Remorse is more than just the consumer regret we hear about. It comes from the Latin remordere which means to torment or to vex, or literally, to bite back. It is as if with our words or actions we sink a predator’s teeth, long fangs into someone, knowingly or unknowingly; yet also bite ourselves at the same time. With remorse the pain we cause another is our pain. When we feel that pain, it is then that we can be made whole, for we realize that we—human beings, animals, plants, the very earth, the whole of creation—are one.
It seems every day we witness those in power as lacking in remorse. To be sure, there is plenty of shaming and fists beating the chest but very little in the way of remorse.

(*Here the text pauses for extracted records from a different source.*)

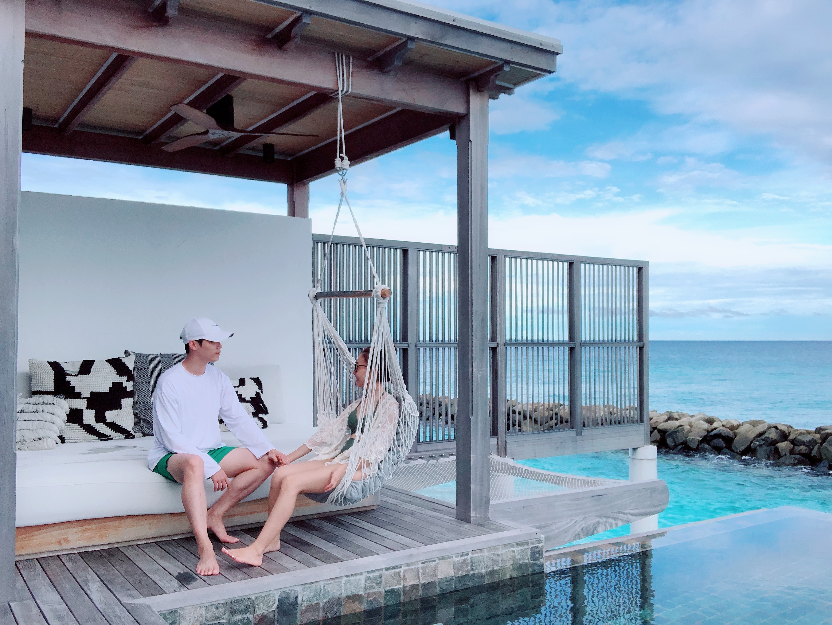 몰놀이를 끝내고 테라스에 있는 해먹에서 누워 음료를 마시며 쉬기도 하고, 같이 사진 찍으며 놀기도 하니 시간이 금방 가더라. 어떤 날은 낮잠도 자고, 침대에 누워 바닷소리 들으며 넷플릭스를 보며 쉬기도 했다.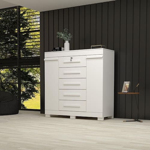 Transforme seu espaço com a cômoda Turquia, feita exclusivamente em MDF de alta qualidade. Com 5 gavetas espaçosas, incluindo uma com tranca para seus itens mais preciosos, e dois sapateiros integrados, esta cômoda oferece praticidade e elegância em cada detalhe. Organize seus pertences com estilo e segurança, graças ao design pensado para otimizar seu ambiente. Além disso, os puxadores em MDF revestido adicionam um toque de sofisticação. Experimente a funcionalidade e o charme da cômoda Turquia em sua casa.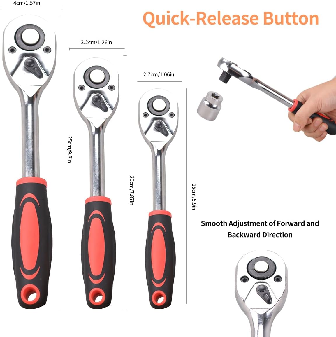 The Socket Set includes 72-tooth ratchet wrench in 1/4 inch, 3/8 inch and 1/2 inch with quick-release button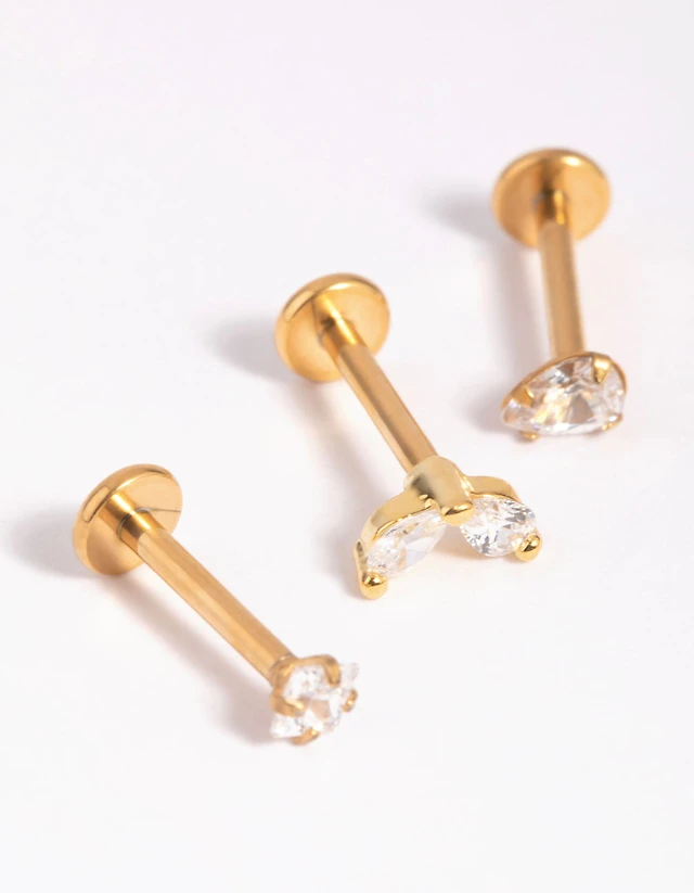 Gold Plated Titanium Cubic Zirconia Flat Back Pack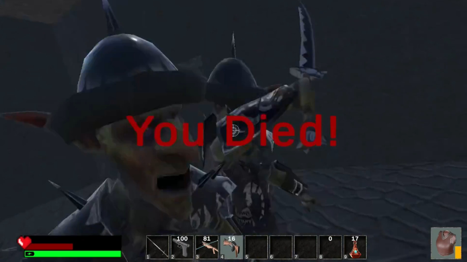 The goal is to see how many levels you can get through before dying, and not sweat your inevitable demise. While you can now officially beat the game, you can continue to further levels as NG+. You shoot and slash your way through the levels while looking for armor and weapons to increase your chance of survival, then enter the portal tele-fog to progress. Jump onto high areas for tactical advantage, while using whatever advantage you can find. Use the right weapons for the right enemies while trying not to waste ammo you might need later. With melee weapons you can also make stealth attack on unaware opponents, or jump to power attack, both of which are criticals (and stack). With guns (in their magical form) kill at range, and use deadly wands for more dangerous enemies ... and remember that some enemies have special abilities or resistance to some attack forms.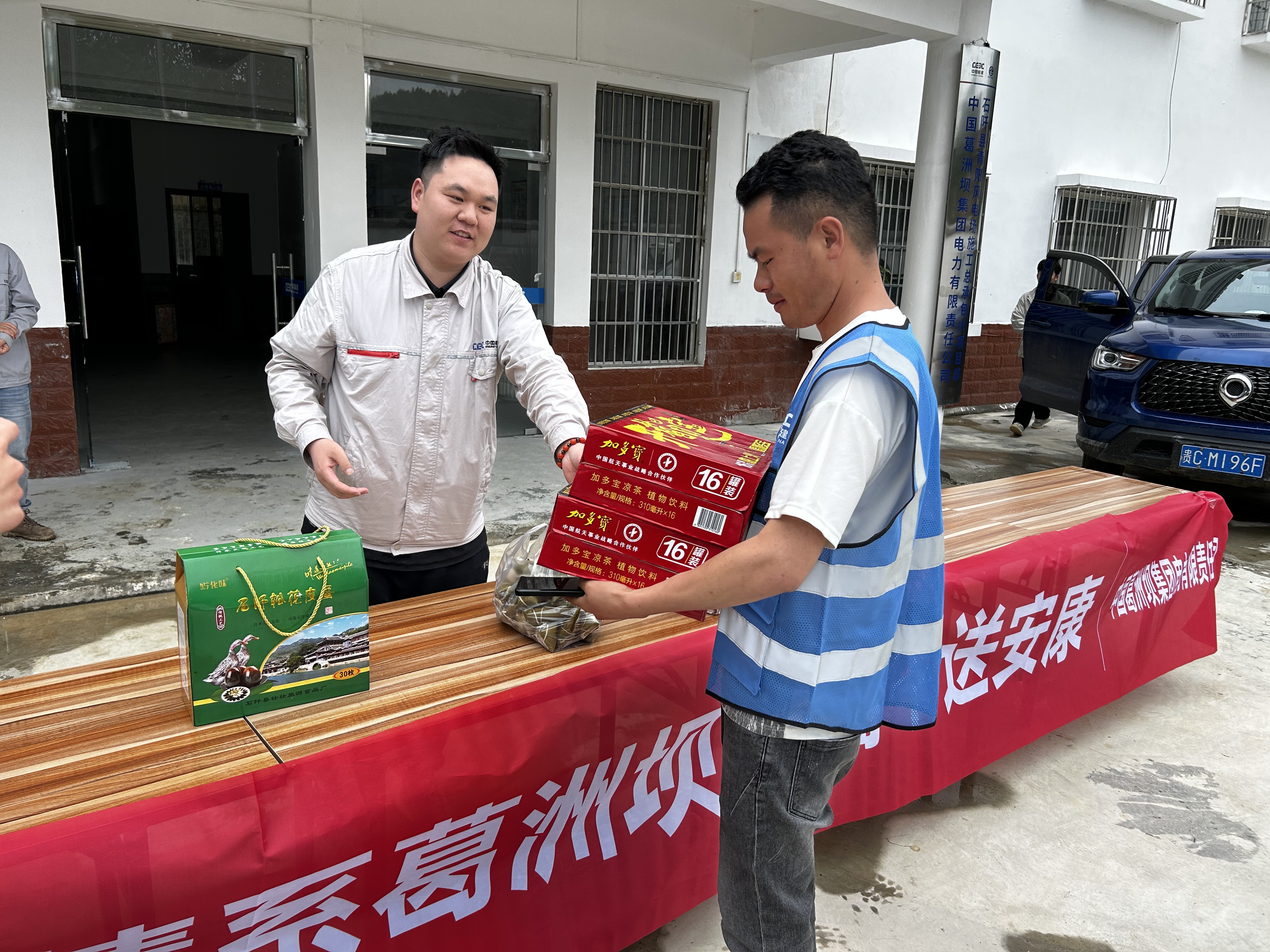 6月2日,青陽(yáng)風(fēng)電項(xiàng)目部前洋溢著溫馨氛圍,石阡縣青陽(yáng)風(fēng)電場(chǎng)施工總承包項(xiàng)目部組織開展了端午節(jié)福利發(fā)放活動(dòng),現(xiàn)場(chǎng)懸掛著紅底白字的“情系葛洲壩,端午送安康”橫幅,桌上整齊擺放著粽子、加多寶涼茶等節(jié)日物資。在活動(dòng)過(guò)程中,項(xiàng)目領(lǐng)導(dǎo)與施工班組親切交流,親手將節(jié)日禮品遞到工友手中,感謝他們?yōu)轱L(fēng)電場(chǎng)建設(shè)的辛勤付出,一名接過(guò)禮品的工人笑著說(shuō):“項(xiàng)目部惦記著我們,干活更有勁了!”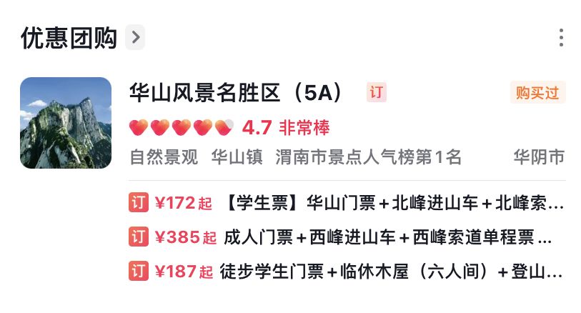 全程徒步游览华山,是最“热辣滚烫·暴汗燃脂”的路线。由玉泉院-华山门处检票。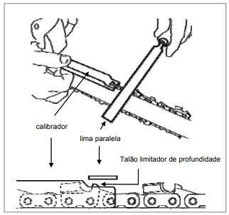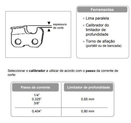 Com o uso e a afiação da corrente, a diferença de nível entre a aba superior do dente de corte e o limitador de profundidade, que determina a espessura ou profundidade de corte da corrente, diminui.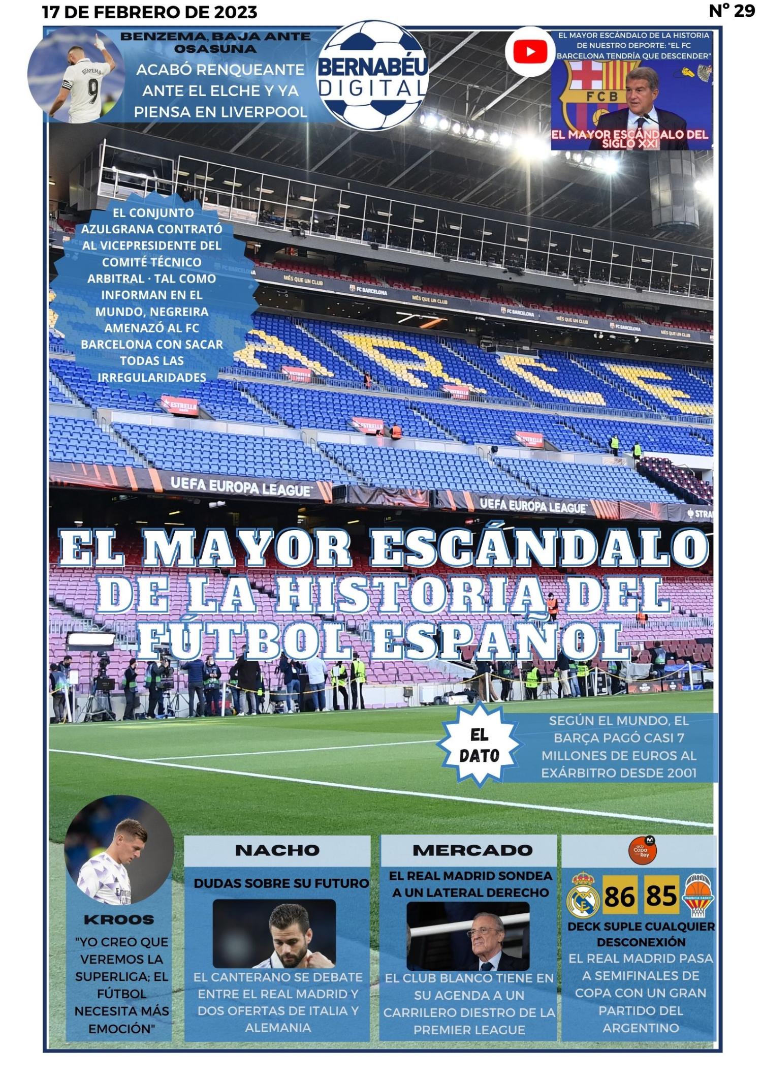 En la portada de este viernes 17 de septiembre, desde Bernabéu Digital hemos querido destacar el pago del FC Barcelona al exvicepresidente del CTA, Enríquez Negreira, en el episodio más escándaloso de la historia del fútbol nacional. También hacemos referencia al futuro de Nacho, las opciones de mercado en la banda derecha y las palabras de Toni Kroos.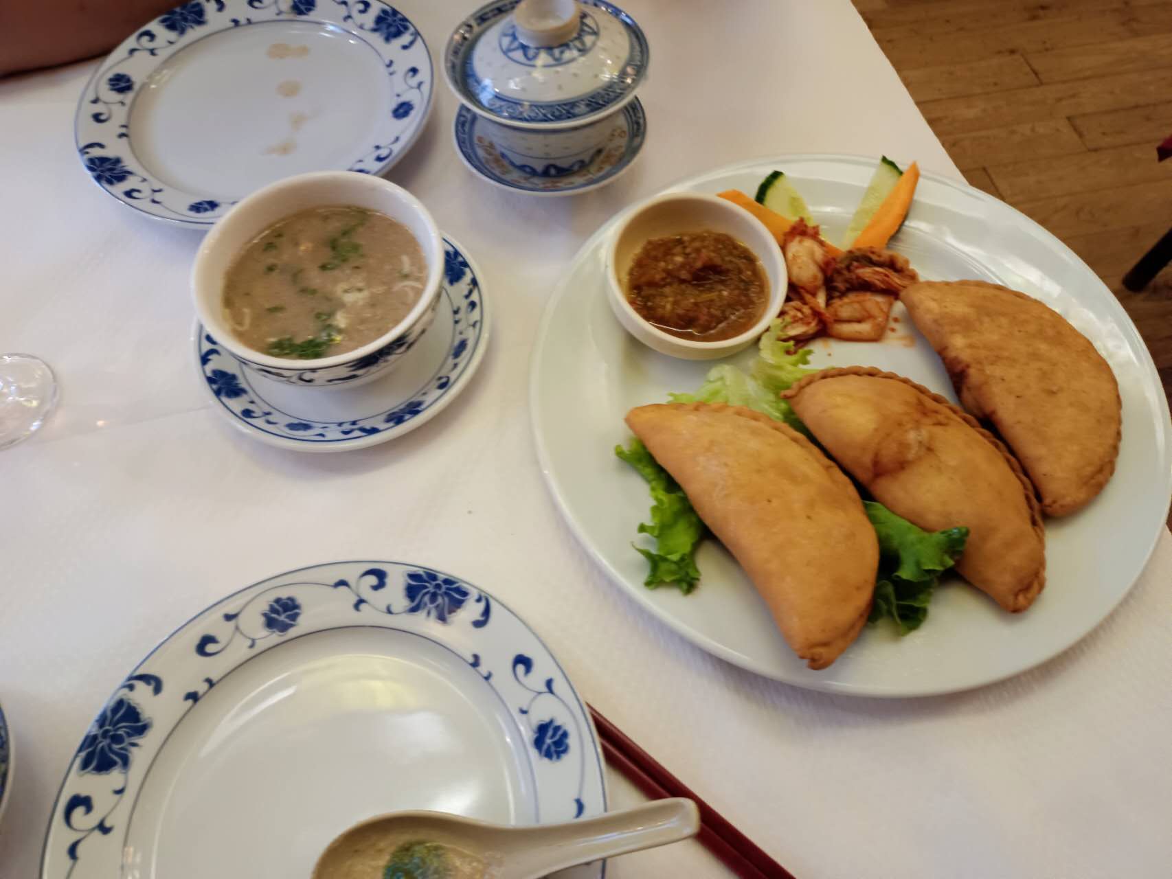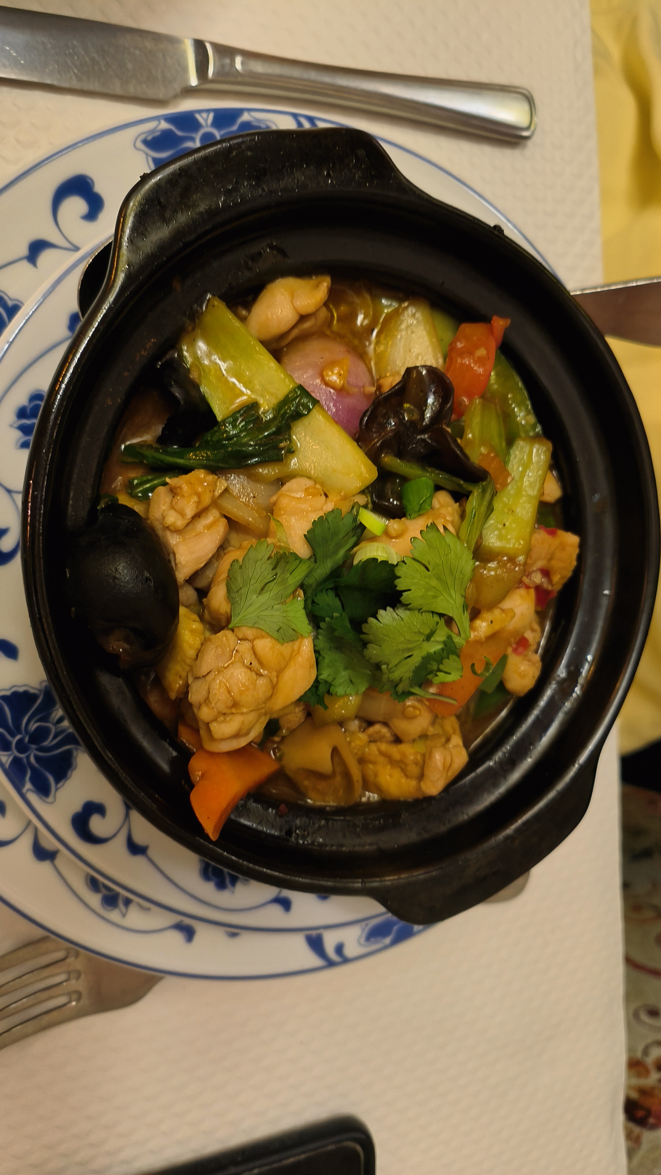 Déçue par le poulet sauté aux légumes pratiquement pas de blanc de poulet que de la peau et du gras de poulet avec oignons citronnelle et poivrons mais bien cuisiné et bien aromatisé dommage que la qualité des morceaux faisait défaut. De plus avons été servi en galettes aux légumes au lieu des galettes à la viande erreur du cuisinier et le thé maison était très sucré d'office.
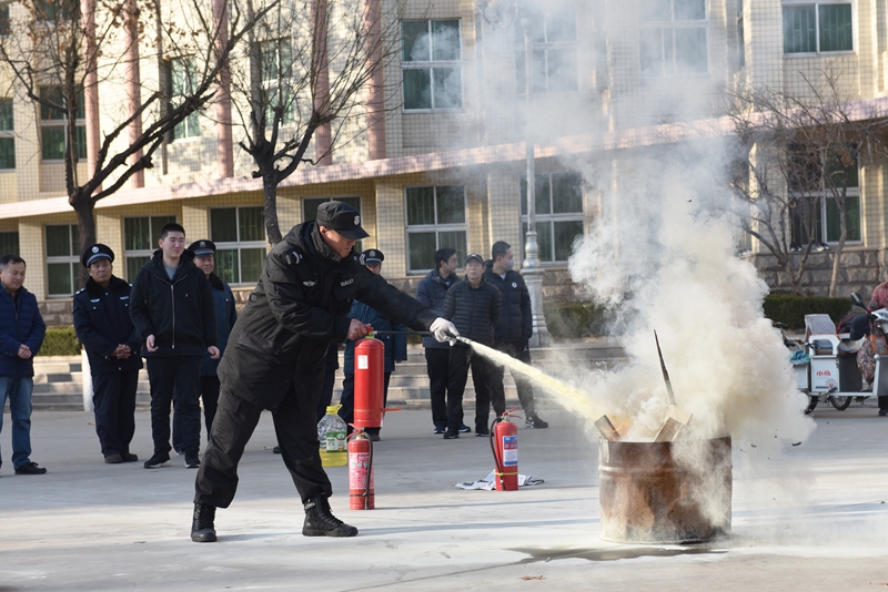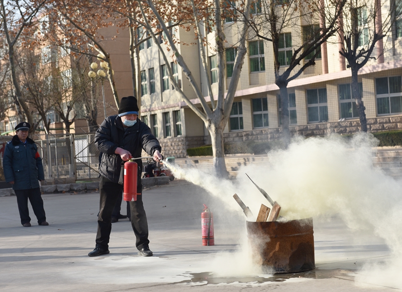 刘建忠首先向参训人员重申了火灾的严重危害性,要求大家时刻警醒,努力消除安全隐患,维护学校安全。刘建忠详细讲解了灭火器的使用方法,并现场示范灭火,参训人员最后进行了实际操作。

As human beings we are pain-avoidant, to the point of often taking little responsibility for the pain we cause. But we know from experience that at some point it will come back to bite us.
The irony is that what appears to block our way to the kingdom of God makes the very pathway to the wholeness God intends for us. Greed, war, guilt, shame show us the need for generosity, peace, forgiveness and respect. The pain of remorse leads to wholeness. In Advent we focus on hope, peace, joy and love, for we know the world and we ourselves can be tempted to believe that despair, strife, sorrow, and hatred are normal and even to be expected.
Where are the places in your own life and in the life of this church where you feel remorseful? With whom do you feel juxtaposed, like polar opposites, oil and water, day and night, where there is unresolved tension and the need for reconciliation? What do you do to cope with pain or to avoid it altogether? How have guilt and shame paralyzed and wounded you in your life and in your life together as the Body of Christ? In what areas of your life and your life as a congregation have you come to expect the worst? What is it that you really hope for?
What would this church, this world, what would you look like if none would hurt nor destroy anymore, if the need for remorse was no more? As God’s Advent rearranges us and puts us with people and situations that seem like natural enemies, like polar opposites, let us watch for the unexpected, for God’s surprising love to lead us to healing and to wholeness. Amen.